NGワード
以前、差別用語を抜き出すアルバイトをしていたことがあります。
ある出版社が電子書籍化を進めるに当たって、過去の作品をチェックし、差別的な表現をリストアップしていく仕事でした。
放送禁止用語集のようなものを渡されて、該当することばを探す。
それ以外にも、文脈から差別的な表現と思われるものを抜き出していく。
文庫本を数冊ずつ持ち帰っての
在宅作業でした。
過去に読んだことのある作品もありました。
あまり差別意識が明確ではなかった時代の作品が多かったです。
デリケートな問題なので、
あまり大っぴらには書けませんが、
人種差別、身分差別、身体的差別、男女差別、職業差別などジャンルは多岐にわたっていました。
具体的にいえば、看護婦、保母、スチュワーデス、OL、農夫、工夫、受付嬢、オールドミス、未亡人等々。
未亡人には、
妻は夫と共に死ぬべき存在という意味が込められているということで、
とんでもない時代錯誤、女性蔑視に当たるようです。
しかし、未亡人には他に言い換えが効かないニュアンスがあるような気もします。
そういえば、老婆ということばもリストに入っていました。
他に、外人、共稼ぎ、孤児院、養老院、スラム街、ドヤ街などもありました。
このようなことばを拾い出しても、著者は亡くなっている場合もあり、改訂するわけではなく、巻末に断り書きを加えることぐらいしかできません。
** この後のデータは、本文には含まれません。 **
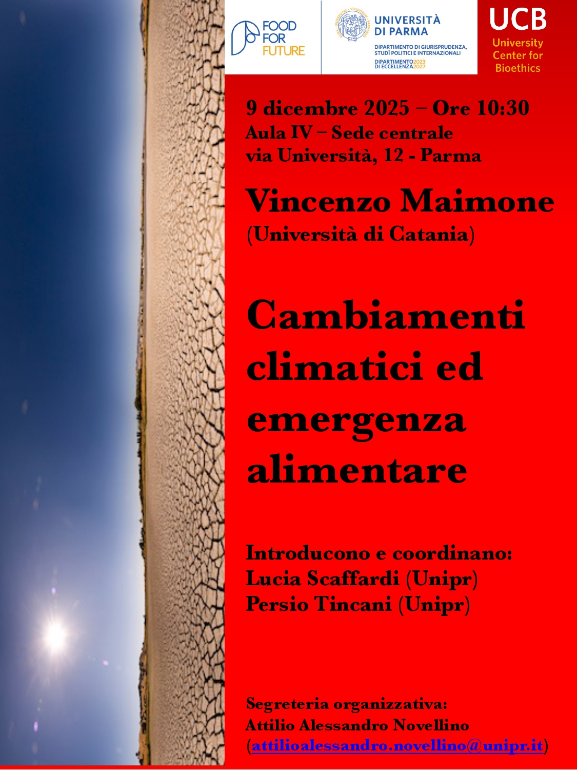 Martedì 9 dicembre 2025, alle ore 10.30, presso l'Aula IV Sede Centrale (Via Università 12), si terrà il Seminario dal titolo: "Cambiamenti climatici ed emergenza alimentare" tenuto dal Prof. Vincenzo Maimone dell’Università di Catania.

今どきの作家なら、このようなNGワードはハナから使用しないということなのでしょうか。
どうしても譲れない表現は、許される範囲で敢えて使用する人もいるかもしれません。
その辺のところはわかりません。
昔の諺「〇〇〇〇に刃物」などは
もっての外。
しかし、わたしが子どもだった頃
読んだ童話の中には、
「〇〇〇〇のように泣きました」
というような表現は当たり前のようにあったと思います。
「我を忘れて」などより、もっと深い悲しみが込められていたような気がします。
時代と共に新しい差別意識も芽生えています。
アンテナを立てて、ことばの変化を見逃さないようにしなければなりません。
さまざまな立場の人のことを考えながら、読む人を不快にさせない。
そんな表現を探っていくことが求められているようです。